-- Problem statement --
Beginning with the line that holds "Ванная комната совмещенная, оснащена", write out each line exactly as it stands until the end of the data, and include no pictures.

-- Data shown --

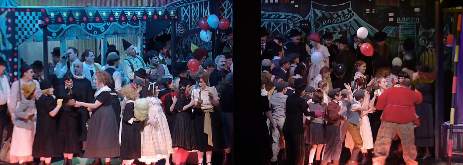Stölzl wählt wieder eine filmische Erzählweise mit emotionalen Nahaufnahmen und Parallelmontagen wie in der Cavalleria rusticana und siedelt die Oper ebenfalls im Italien der 1920-er Jahre an. Auch in dieser Oper geht es um Liebe, blinde Eifersucht und Hass bis zum Tod. Das Bühnenbild hat sich von der Raumaufteilung in zwei Ebenen mit jeweils drei guckkastenartigen Räumen, die sechs gleichgroße Räume abbilden, die separat geöffnet und geschlossen werden können, nicht verändert. Durch die zusätzlichen Live-Einblendungen im Großformat wirkt die Szenerie wie ein Film mit expressionistischen Materialien. Die Bühnenwände wirken wieder wie gemalt, doch farblich ist es deutlich bunter geworden, passend zum Zirkusmilieu. Durch die Trennung der sechs verschiedenen Räume können parallel Zirkusbühne, Wohnwagen, Zuschauerraum und Hintergrund abgebildet werden. Leoncavallos Wunsch war es, eine größtmögliche Wahrhaftigkeit der Handlung zu erzielen, obwohl er wusste, dass Theater die Wirklichkeit nur abbildet, aber nicht erreichen kann. Mit seiner Raumaufteilung und den großformatigen Videoeinblendungen lässt Stölzl den Zuschauer unmittelbar am Geschehen teilhaben. Durch die geschickte Videoregie von Altmeister Brian Large ist man als Fernsehzuschauer so dicht an einzelnen Szenen dran, wie man es in einem großen Opernhaus selten sein kann. Es fehlt zwar das Live-Erlebnis, was auch nicht ersetzbar ist, aber durch die cineastische Kameraführung ist diese Aufführung großes Kino! Die bunten, etwas überdrehten Kostüme zu diesem Szenar hat wieder Ursula Kudrna gefertigt.
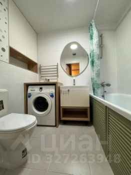 Ванная комната совмещенная, оснащена ванной, раковиной и стиральной машиной. В квартире можно проживать с детьми и питомцами.
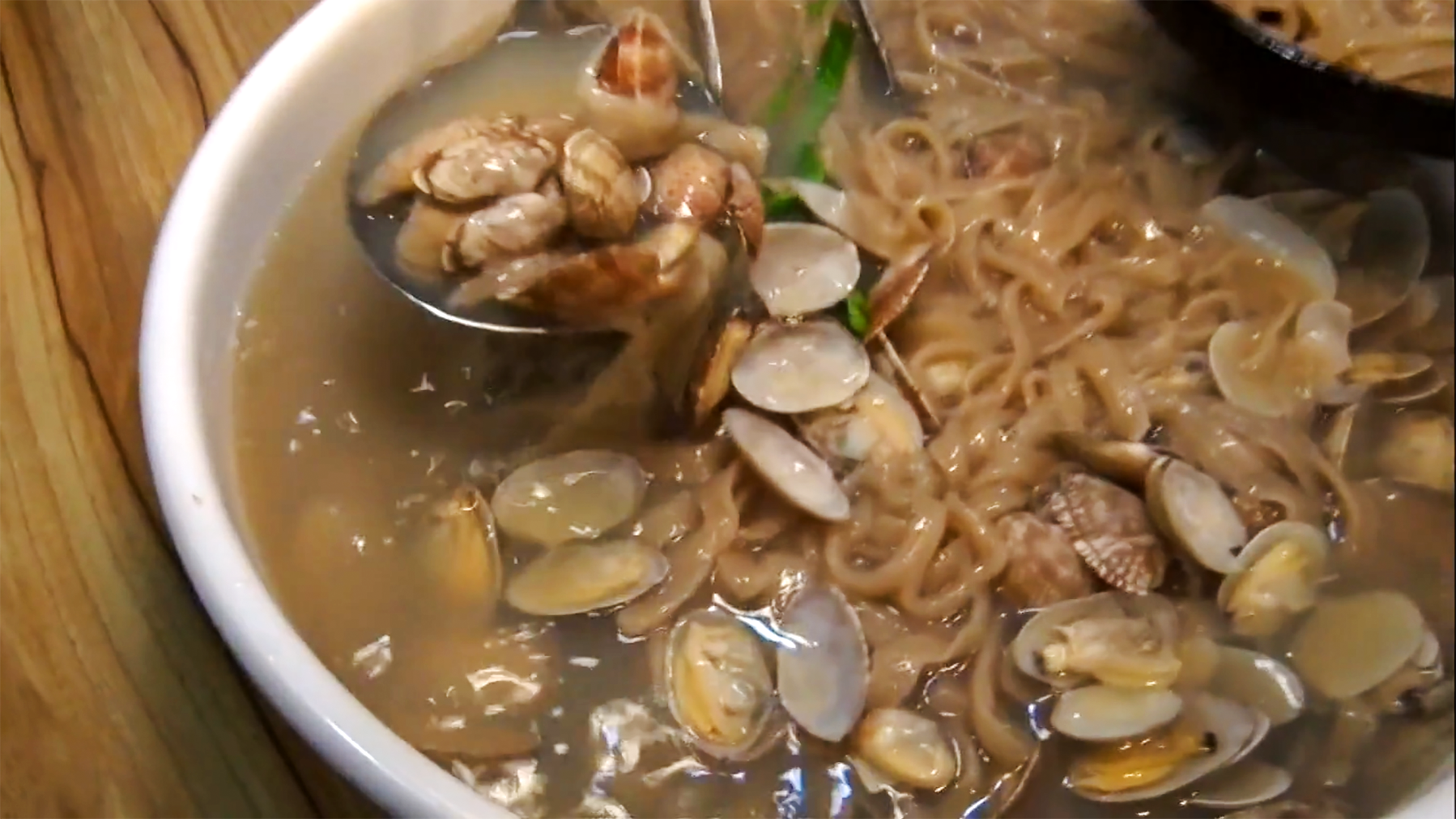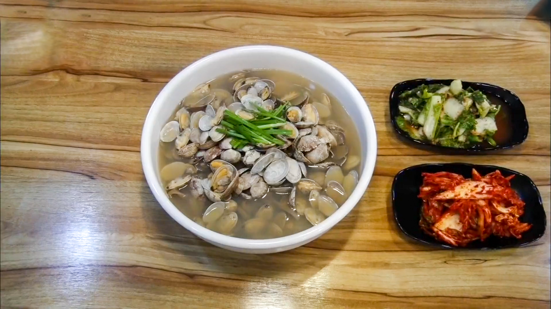 큼지막한 대접에 바지락이 아주 푸짐하게 나옵니다.

-- Answer box --
 Ванная комната совмещенная, оснащена ванной, раковиной и стиральной машиной. В квартире можно проживать с детьми и питомцами.
 큼지막한 대접에 바지락이 아주 푸짐하게 나옵니다.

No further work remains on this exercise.